1. Running topic models
With a sense of what topic models do and knowing how to structure data as the necessary DTM input, let's start running some topic models!
2. Using LDA()
To run a topic model, we will be using the topicmodels package in conjunction with the tidyverse and tidytext. With a DTM as an input, running a topic model is straightforward: we use the LDA() function. There are four arguments for this function that we'll need to specify.

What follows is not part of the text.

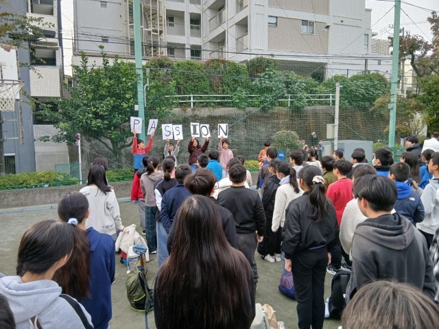 今日から3日間6年生の宿泊学習です。出発式をしていよいよ出発です。スローガンはPASSIONだそうです。

The first argument is the DTM input. The second argument is k, or the number of topics we want the model to produce. We'll see later how we can decide on what we should set k to. The third argument is the estimation method. The default is a quick approximation. However, if we prefer a longer but more complete method, we should specify the Gibbs sampler. Finally, the fourth argument allows us to specify the simulation seed, which we need to treat as a list, a data structure in R that's beyond the scope of this course. Specifying the simulation seed will help us recover consistent topics on repeat model runs, given the probabilistic nature of model estimation.
3. LDA() output
After running the model, which might take just a few moments or as much as a few hours, depending on how much text we're throwing at it, we can see that the output is, much like the DTM, an R object encoded specifically for the topicmodels package.
4. Using glimpse()
However, we can use the glimpse() function to see what is included in this encoded object. There are a number of items stored within lda_out. For example, we can see k, the number of topics we specified, as well as beta, the word probabilities that define the topics.
5. Using tidy()
We would like to evaluate the model output in a way that is consistent with our suite of tidy tools. In particular, the most important output from a topic model are the topics themselves: the dictionary of all words in the corpus sorted according to the probability each word occurs as part of that topic. Once again, we can use a tidytext function, in this case tidy(), to take the matrix of topic probabilities and put them into a form that is easily visualized using ggplot2. Using tidy() requires us to specify the name and structure of the piece of lda_out we want to tidy; in this case, that's a “matrix” and “beta”.
If cast_dtm() allows us to navigate out of tidy data formats to run the topic model, tidy() allows us to take the model output and navigate back into a tidy data format.
6. Let's practice!
How do we know if two topics is enough? How do we interpret the topics? We'll discuss these topics, no pun intended, next. For now, it's your turn to run your first topic model!